Datta et al. (1988) identified 3 cDNA clones for human hepatic lipase. The cDNA-derived amino acid sequence predicts a protein of 476 amino acid residues, preceded by a 23-residue signal peptide. Martin et al. (1988) also determined the cDNA sequence of this enzyme, called by them hepatic triglyceride lipase.
Hepatic lipase, like lipoprotein lipase (LPL; 238600) and lecithin:cholesterol acyltransferase (LCAT; 606967), plays a major role in the regulation of plasma lipids (Cai et al., 1989). LPL and HL are bound to and act at the endothelial surfaces of extrahepatic and hepatic tissues, respectively. Rare deficiencies of all of these enzymes have been identified in man, and all are associated with pathologic levels of circulating lipoprotein particles. LPL and HL show considerable nucleotide and amino acid sequence homology, suggesting that they constitute a multigene family derived from a common ancestral gene.
Unlike human HL, which is mainly anchored to the cell surface via binding to HSPG, mouse Hl has a low affinity for HSPG and is largely blood borne. Brown et al. (2004) created a chimeric HL protein deficient in HSPG binding, which they designated HLmt, by replacing the C-terminal HSPG-binding region of human HL with the corresponding region of mouse Hl. Infection of mice with HLmt resulted in elevated plasma lipase activity and severe hypoalphalipoproteinemia. Expression of HLmt, but not wildtype HL, reduced plasma total cholesterol and phospholipid levels, predominantly by decreasing the amount of HDL. Plasma and hepatocyte-associated levels of apoA-I (107680), the major apolipoprotein constituent of HDL, were also reduced by HLmt expression, but at a later time point. Brown et al. (2004) concluded that release of HL from cell surfaces has a profound effect on circulating HDL levels.
To separate the lipolytic and ligand-binding functions of HL, Gonzalez-Navarro et al. (2004) developed transgenic mice expressing wildtype human HL or catalytically inactive human HL on an Hl-null and apoE (107741)-null background. Both wildtype HL and inactive HL reduced plasma cholesterol, non-HDL cholesterol, and apoB (107730) levels, but only wildtype HL decreased plasma HDL cholesterol and apoA-I levels. Wildtype HL, but not inactive HL, contributed to plasma HDL metabolism, but it also enhanced atherosclerosis. In contrast, inactive HL reduced aortic atherosclerosis and enhanced apoB lipoproteins by enhancing their catabolism via the LDL receptor-related protein-1 (LRP1; 107770) pathway.
Cai et al. (1989) found that the LIPC gene spans over 60 kb and contains 9 exons and 8 introns. Exon 1 encodes the signal peptide; exon 4 encodes a region that binds to the lipoprotein substrate; exon 5 encodes an evolutionarily highly conserved region of potential catalytic function; and exons 6 and 9 encode sequences rich in basic amino acids thought to be important in anchoring the enzyme to the endothelial surface by interacting with acidic domains of the surface glycosaminoglycans.
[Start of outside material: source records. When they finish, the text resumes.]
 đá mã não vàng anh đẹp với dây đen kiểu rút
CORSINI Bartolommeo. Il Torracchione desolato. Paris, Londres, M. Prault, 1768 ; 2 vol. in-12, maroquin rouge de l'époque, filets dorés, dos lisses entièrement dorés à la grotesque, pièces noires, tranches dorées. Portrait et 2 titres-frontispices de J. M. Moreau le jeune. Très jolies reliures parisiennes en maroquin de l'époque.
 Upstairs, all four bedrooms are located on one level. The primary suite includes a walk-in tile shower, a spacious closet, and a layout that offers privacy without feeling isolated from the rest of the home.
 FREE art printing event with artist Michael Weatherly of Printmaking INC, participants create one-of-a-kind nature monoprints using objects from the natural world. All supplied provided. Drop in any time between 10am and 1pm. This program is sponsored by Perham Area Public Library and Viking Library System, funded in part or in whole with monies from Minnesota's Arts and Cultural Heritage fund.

The human lipoprotein lipase gene has an identical exon-intron organization and contains analogous structural domains. Ameis et al. (1990) reported that the hepatic lipase gene comprises 9 exons spanning about 35 kb. The catalytic site appeared to be encoded by exon 4.
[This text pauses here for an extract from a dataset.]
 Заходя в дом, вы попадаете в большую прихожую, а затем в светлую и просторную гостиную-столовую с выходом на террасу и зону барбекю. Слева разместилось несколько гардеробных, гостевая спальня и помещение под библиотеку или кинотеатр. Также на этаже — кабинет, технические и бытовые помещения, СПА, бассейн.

Sparkes et al. (1987) used a cDNA probe for HL, in Southern blot analysis of genomic DNA from mouse-human somatic cell human hybrids and for in situ hybridization, to demonstrate that the HL gene resides in band 15q21. Since the LPL gene is in band 8p22, the results demonstrated that the rare instances of combined deficiencies of both enzymes cannot be produced by mutation at the structural loci. Using a cloned hepatic lipase cDNA as a hybridization probe, Datta et al. (1988) performed Southern blot analysis of a panel of 13 human-rodent somatic cell hybrids. Concordance analysis indicated that the LIPH gene is located on 15q. Analysis of hybrids containing different translocations of chromosome 15 localized the gene to 15q15-q22. Heinzmann et al. (1988) described 2 RFLPs. Stocks et al. (1989) described 2 RFLPs, for BglII and XmnI.
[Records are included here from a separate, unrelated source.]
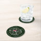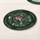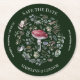 Elegant Blomschare Bröllop spara datum Round Papper Underlägg Ett modernt datum för att spara det i ett unikt underlägg format designat på djupa gröntar och med ett svamprum omgivet av blommor och löv "Spara datum..." visas överst på din underlägg i vitt blockering, med namn på grund och på bröllop-datum och bröllop på lämnat sida. På högerna finns ett utrymme för bröllop webbplats eller annan information. Ändra färg i bakgrunden och teckensnittet enligt dina önskemål.
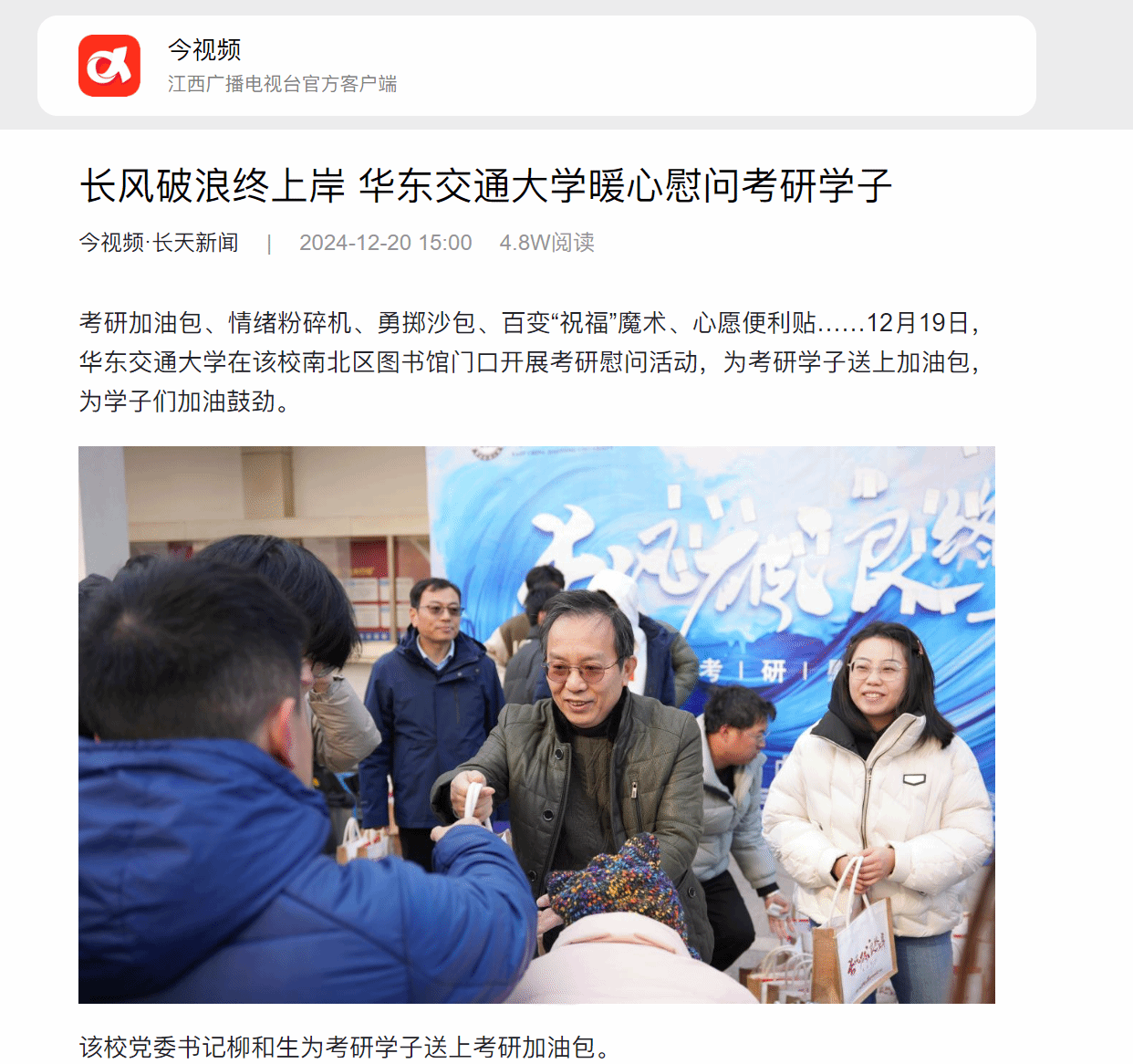 “报考了哪所大学?”“预祝考研成功”该校党委书记柳和生,党委副书记、校长徐长节,党委委员、副校长欧阳志刚来到考研慰问现场,一边送上加油包,一边与考研学子们亲切交流,希望他们轻松应考,祝福他们金榜题名,铁定上岸。
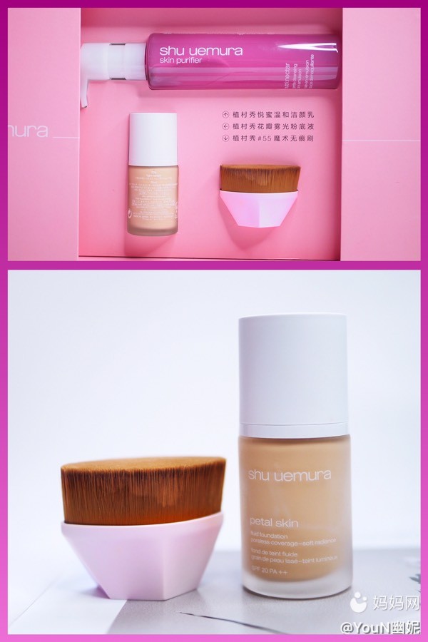 礼盒里有一瓶质地很清爽温和的植村秀巴西莓果洁颜露,还有一支植村秀花瓣雾光粉底液,和一个我长草了很久的55号魔术无痕刷,还是限量版千禧粉的~~比常规版的可要好看多啦,开心~~
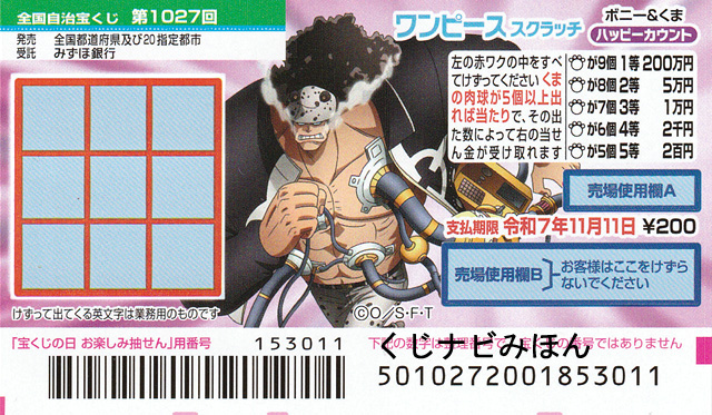 ワンピーススクラッチ。当たりの絵柄が指定の数以上出れば当たり。出た数で当選金が決まります。 |
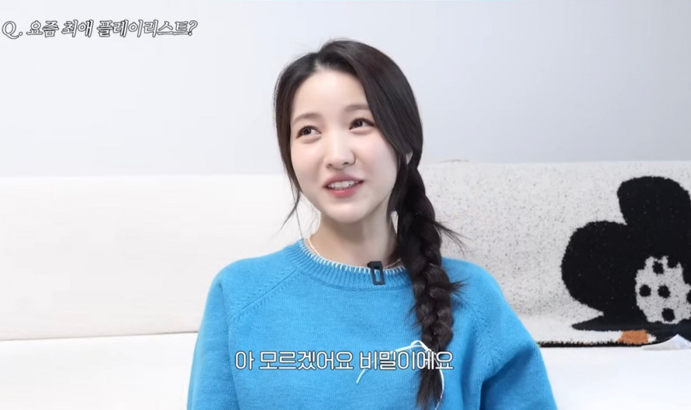 In the video, Sowon spent time answering questions sent by fans and viewers. To a question asking about her current playlist, Sowon remarked, "Wait, when will this be uploaded?"
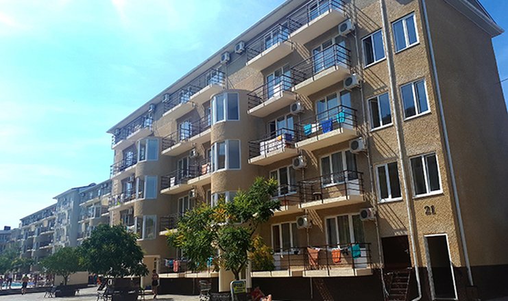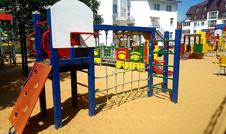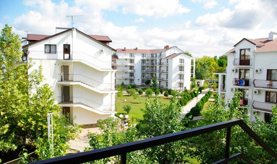 Элегантные современные здания пансионата высотой в 3-5 этажей размещены среди великолепных южных растений, ухоженных клумб.
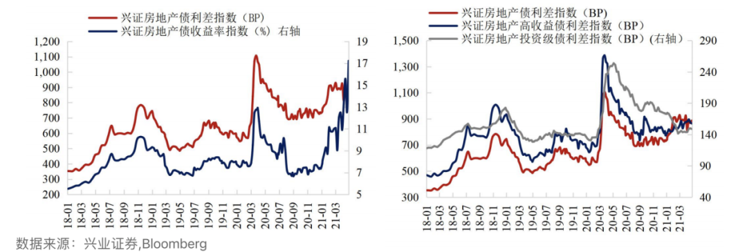 今年以來,興證房地產債利差指數(shù)闊升至過去三年來的次高水平,僅次于2020年3月美元荒,結構上主要受到高收益級(垃圾債)利差走闊的抬升。信用利差是債券到期收益率高于無風險收益率的部分,直觀地反映了債券信用違約風險(與利差正比)及市場風險偏好(與利差反比)的變化。

Gross (2011) mapped the LIPC gene to chromosome 15q21.3 based on an alignment of the LIPC sequence (GenBank BC132825) with the genomic sequence (GRCh37).
Davis et al. (1990) stated that the hepatic lipase gene in the mouse resides on chromosome 9.
Hepatic Lipase Deficiency
In 6 individuals with complete HL deficiency (614025) from 2 unrelated families, Hegele et al. (1991) identified a heterozygous mutation in the LIPC gene (T383M; 151670.0001) that was not found in 50 controls. Hegele et al. (1991) identified a second mutation in the LIPC gene (S267F; 151670.0002) in the 3 affected individuals from 1 of the families, and Ruel et al. (2003) identified a second mutation in LIPC (A174T; 151670.0006) in affected members of the other family.
In a Finnish man with HL deficiency, Knudsen et al. (1996) identified compound heterozygosity for 2 mutations in the LIPC gene, the previously identified T383M mutation and L334F (151670.0007). The mutations, which were identified by a combination of single-strand confirmation polymorphism analysis and whole-exome sequencing of the LIPC gene, segregated with the disorder in the family.
In an Arab man, born to consanguineous parents, with HL deficiency, Al Riyami et al. (2010) identified homozygosity for the L334F mutation in the LIPC gene.
HDL Cholesterol Levels
In a metaanalysis of 25 published reports, Isaacs et al. (2004) found an association between a promoter SNP in the LIPC gene (-514C-T; 151670.0003) and HDL cholesterol levels (HDLCQ12; 612797).
Grarup et al. (2008) analyzed the effect of a SNP in the LIPC gene (-250G-A; 151670.0004) on metabolic traits and the risk of type 2 diabetes (T2D; see 125853) and found an association with fasting serum HDL cholesterol but not with T2D.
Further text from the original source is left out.